Try it =>
Leaving out all pictures, transcribe the lines below exactly, from the first through the line containing "(グレー×ブルー) | gsmshop".

Data =>
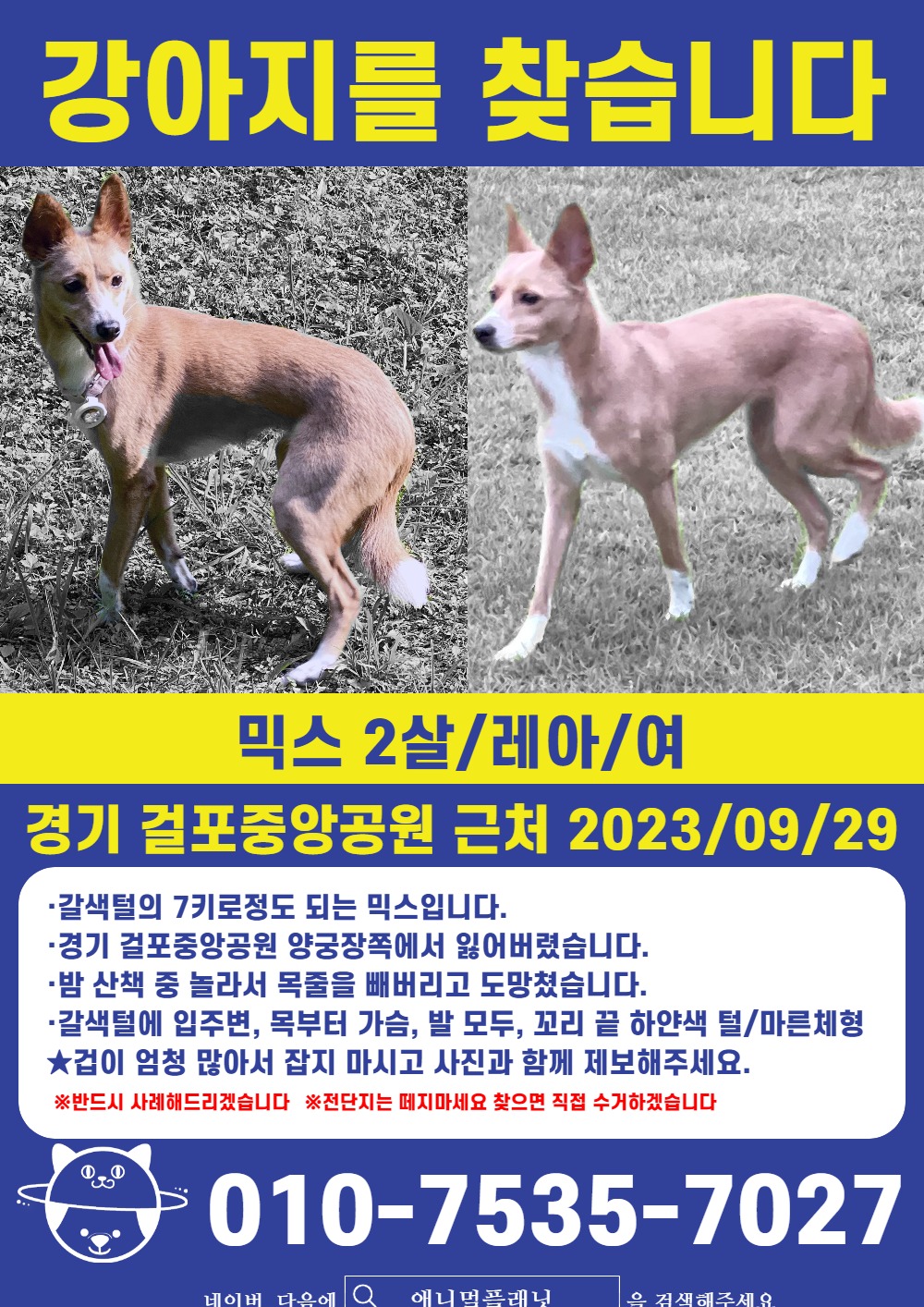 찾아요 🔍강아지 찾아요 경기도 () 믹스 2살 여아 실종(제보가 간절합니다) 하마킥 2023.09.30 - 04:39 2385 이름 레아 종류 및 종 믹스 분실장소 경기도 김포시 걸포동, 걸포중앙공원 분실 날짜 2023-09-29 성별 암컷(여) 연락처 010-칠오삼오-칠027 Attached file 믹스 2살 여아 실종(제보가 간절합니다) - 강아지 찾아요 - 유기견 보호 센터 (1) 477.5KB 11 공유 하마킥 님의 최근 글 작성 글이 없습니다. 하마킥 님의 최근 댓글 작성 댓글이 없습니다. 글쓴이의 작성글 감추기 댓글 쓰기 에디터 사용하기 닫기 글쓴이 비밀번호 댓글 등록 view_headline 목록
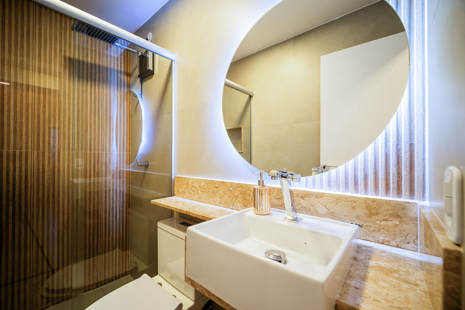 Our space offers privacy, as the entire gourmet area in the photos, barbecue area, and shower are private. In addition to the amenities offered by the condominium, we also offer the option of private leisure activities in the comfort of the property.
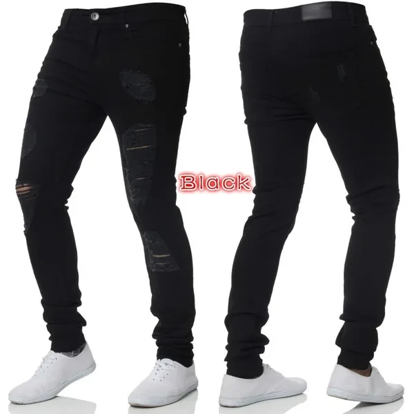 Mens Casual Skinny Jeans Pants Men Solid black ripped jeans men Ripped Beggar Jeans With Knee Hole For Youth Men
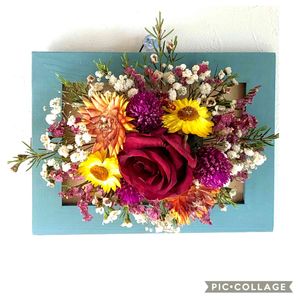 ごろちゃんさんと約束していたドライフラワー、やっと飾れました😆 フォトフレームの板に、オアシス(アレンジメント用の給水スポンジ)を木工ボンドで貼って、ドライフラワーを挿していきます。壁掛けなので、場所を取りません。 お花は、今年1年で作ったドライフラワーの薔薇、ヘリクリサムコロロ、千日紅、スターチス、ワックスフラワー、カスミソウです。
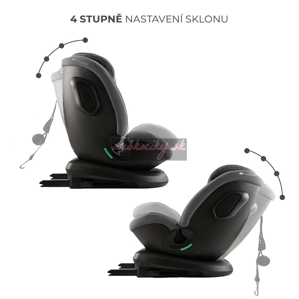 Funkcia RECLINING umožňuje nastavenie chrbtovej opierky autosedačky pomocou 4-stupňového nastavenia uhla sklonu sedadla v polohe RWF aj FWF, čo umožňuje dieťaťu zaujať pohodlnú polohu počas spánku alebo pri aktivite.
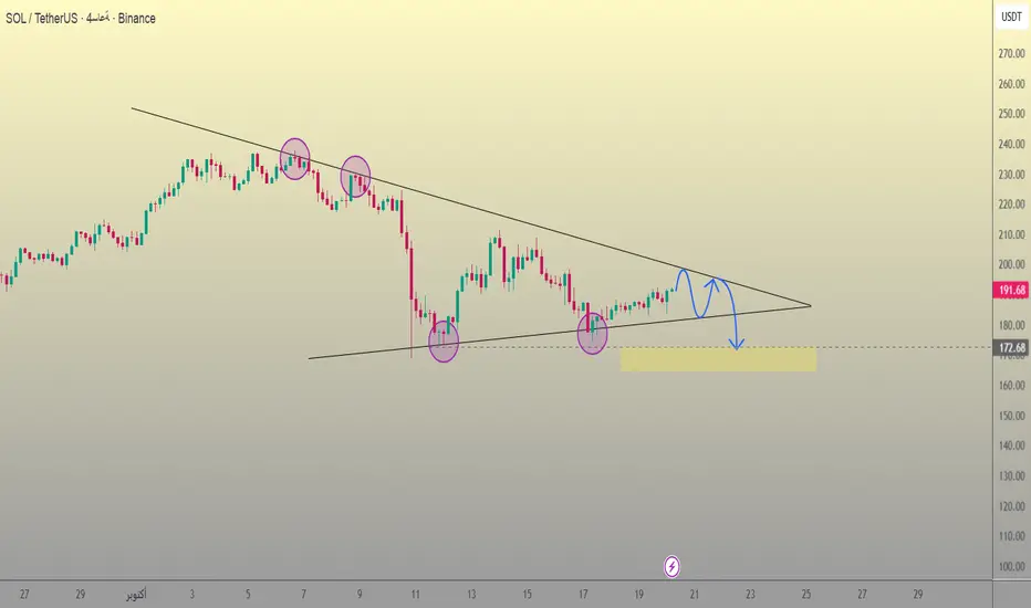 يظل SOLUSDT محصورًا تحت خط الاتجاه الهابط، مما يشير إلى أن البائعين لا يزالون يسيطرون على السوق. من المحتمل أن يشهد السعر ارتدادًا طفيفًا نحو منطقة 197–198 دولارًا قبل أن يُرفض مجددًا، ليواصل بعدها الهبوط نحو 172 دولارًا، وهي منطقة دعم قوية سابقة.
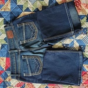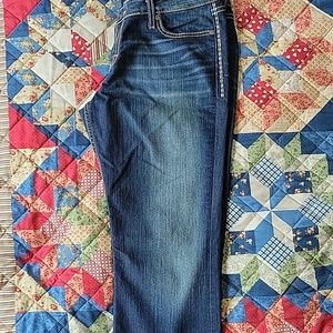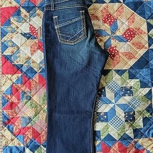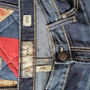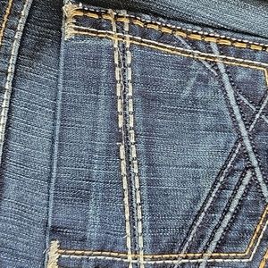 Jean are new without jeans. the only flaw is part of the stitching(design area) let loose. cosmetic only. There is a close up of the stitching in one if the pics.
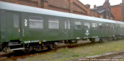 Popis   rekonstruovaný osobní vůz zelený s šedou střechou 2. tř. se zavazadlovým oddílem
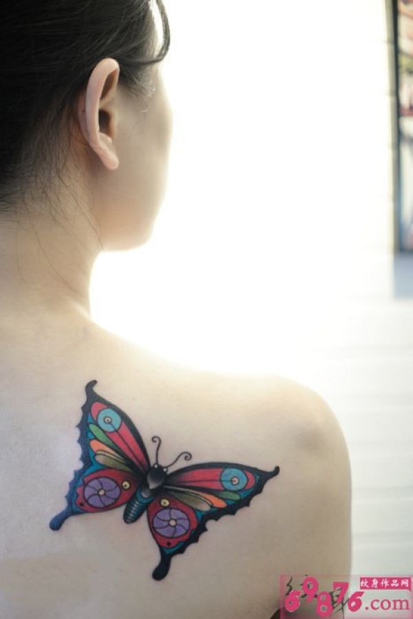蜕变蝴蝶唯美肩部纹身_蝴蝶纹身图案大全_纹身图吧
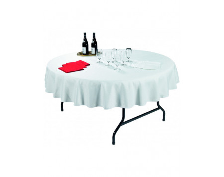 Nappe pour table ronde : - Ø 200 cm pour table Ø 152 cm. - Ø 230 cm pour table Ø 182 cm. Coloris : blanc.
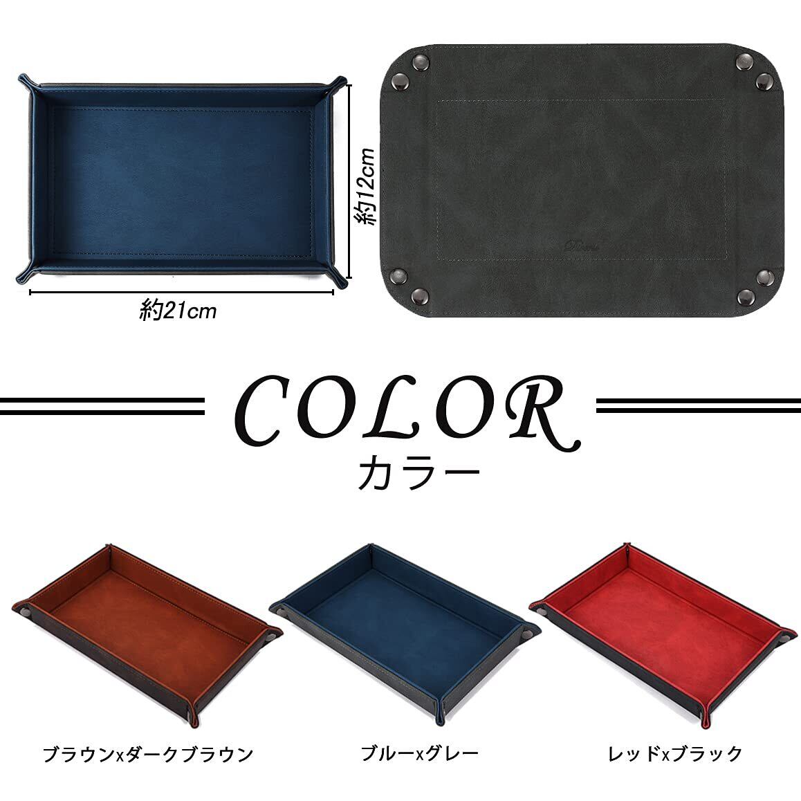 【2022最新】レザートレイ 小物入れ アクセサリートレイ 小物トレー 折り畳み式 こものいれ ボックス 腕時計 鍵 スマホ メガネ アクセサリー リモコン 収納ボックス おしゃれ 携帯便利 Mサイズ (グレー×ブルー) | gsmshop
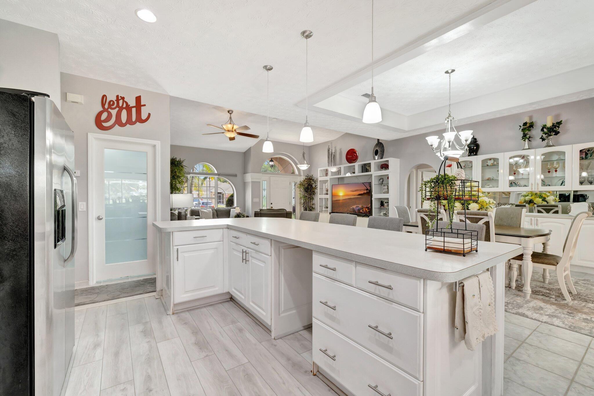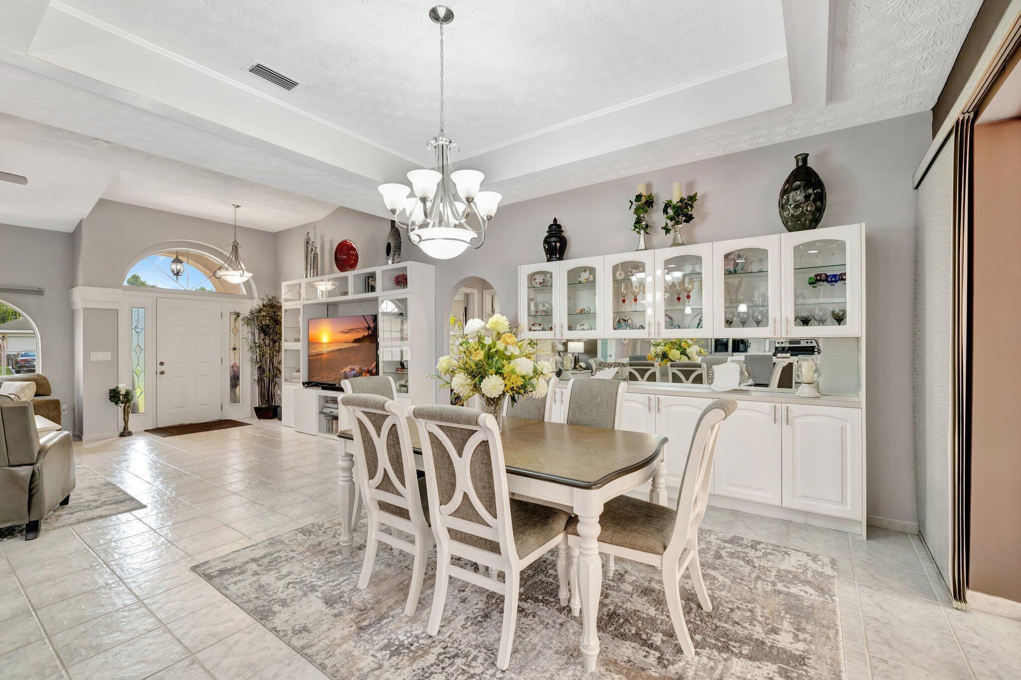 Welcome to your private paradise! This beautifully maintained 3-bedroom, 3-bathroom home offers the perfect blend of comfort, style, and Florida outdoor living--all with NO HOA restrictions.Step inside to a freshly painted interior featuring volume ceilings with elegant tray accents in the primary bedroom and bathroom. The open layout showcases tile flooring throughout the main living areas, brand new carpet in the bedrooms, and a spacious great room with a custom built-in wall unit that stays with the home. A formal dining area includes a built-in buffet, ideal for entertaining. The extra-large walk-in pantry and generously sized laundry room provide plenty of storage and functionality.
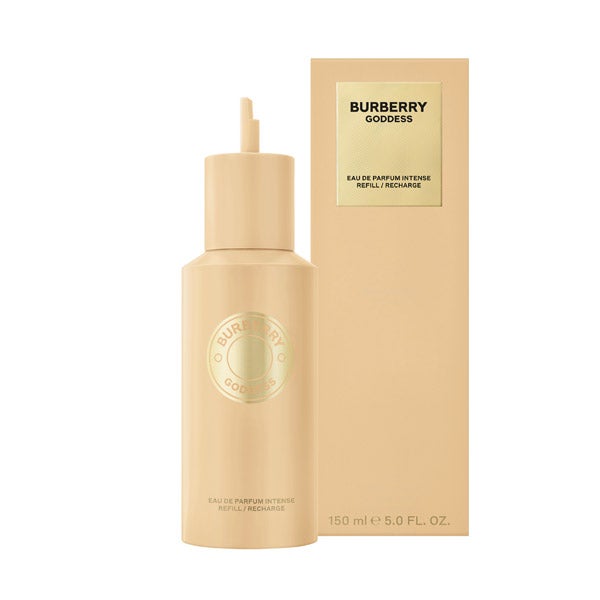 Inspirada nas cores do pôr do sol, a recarga Burberry Goddess Eau de Parfum Intense é apresentada em um frasco que abriga uma leve fragrância ambarada. A embalagem bege escuro com uma etiqueta dourada inspirada em um trench coat faz referência ao legado da marca.

Your solution =>
 찾아요 🔍강아지 찾아요 경기도 () 믹스 2살 여아 실종(제보가 간절합니다) 하마킥 2023.09.30 - 04:39 2385 이름 레아 종류 및 종 믹스 분실장소 경기도 김포시 걸포동, 걸포중앙공원 분실 날짜 2023-09-29 성별 암컷(여) 연락처 010-칠오삼오-칠027 Attached file 믹스 2살 여아 실종(제보가 간절합니다) - 강아지 찾아요 - 유기견 보호 센터 (1) 477.5KB 11 공유 하마킥 님의 최근 글 작성 글이 없습니다. 하마킥 님의 최근 댓글 작성 댓글이 없습니다. 글쓴이의 작성글 감추기 댓글 쓰기 에디터 사용하기 닫기 글쓴이 비밀번호 댓글 등록 view_headline 목록
 Our space offers privacy, as the entire gourmet area in the photos, barbecue area, and shower are private. In addition to the amenities offered by the condominium, we also offer the option of private leisure activities in the comfort of the property.
 Mens Casual Skinny Jeans Pants Men Solid black ripped jeans men Ripped Beggar Jeans With Knee Hole For Youth Men
 ごろちゃんさんと約束していたドライフラワー、やっと飾れました😆 フォトフレームの板に、オアシス(アレンジメント用の給水スポンジ)を木工ボンドで貼って、ドライフラワーを挿していきます。壁掛けなので、場所を取りません。 お花は、今年1年で作ったドライフラワーの薔薇、ヘリクリサムコロロ、千日紅、スターチス、ワックスフラワー、カスミソウです。
 Funkcia RECLINING umožňuje nastavenie chrbtovej opierky autosedačky pomocou 4-stupňového nastavenia uhla sklonu sedadla v polohe RWF aj FWF, čo umožňuje dieťaťu zaujať pohodlnú polohu počas spánku alebo pri aktivite.
 يظل SOLUSDT محصورًا تحت خط الاتجاه الهابط، مما يشير إلى أن البائعين لا يزالون يسيطرون على السوق. من المحتمل أن يشهد السعر ارتدادًا طفيفًا نحو منطقة 197–198 دولارًا قبل أن يُرفض مجددًا، ليواصل بعدها الهبوط نحو 172 دولارًا، وهي منطقة دعم قوية سابقة.
 Jean are new without jeans. the only flaw is part of the stitching(design area) let loose. cosmetic only. There is a close up of the stitching in one if the pics.
 Popis   rekonstruovaný osobní vůz zelený s šedou střechou 2. tř. se zavazadlovým oddílem
蜕变蝴蝶唯美肩部纹身_蝴蝶纹身图案大全_纹身图吧
 Nappe pour table ronde : - Ø 200 cm pour table Ø 152 cm. - Ø 230 cm pour table Ø 182 cm. Coloris : blanc.
 【2022最新】レザートレイ 小物入れ アクセサリートレイ 小物トレー 折り畳み式 こものいれ ボックス 腕時計 鍵 スマホ メガネ アクセサリー リモコン 収納ボックス おしゃれ 携帯便利 Mサイズ (グレー×ブルー) | gsmshop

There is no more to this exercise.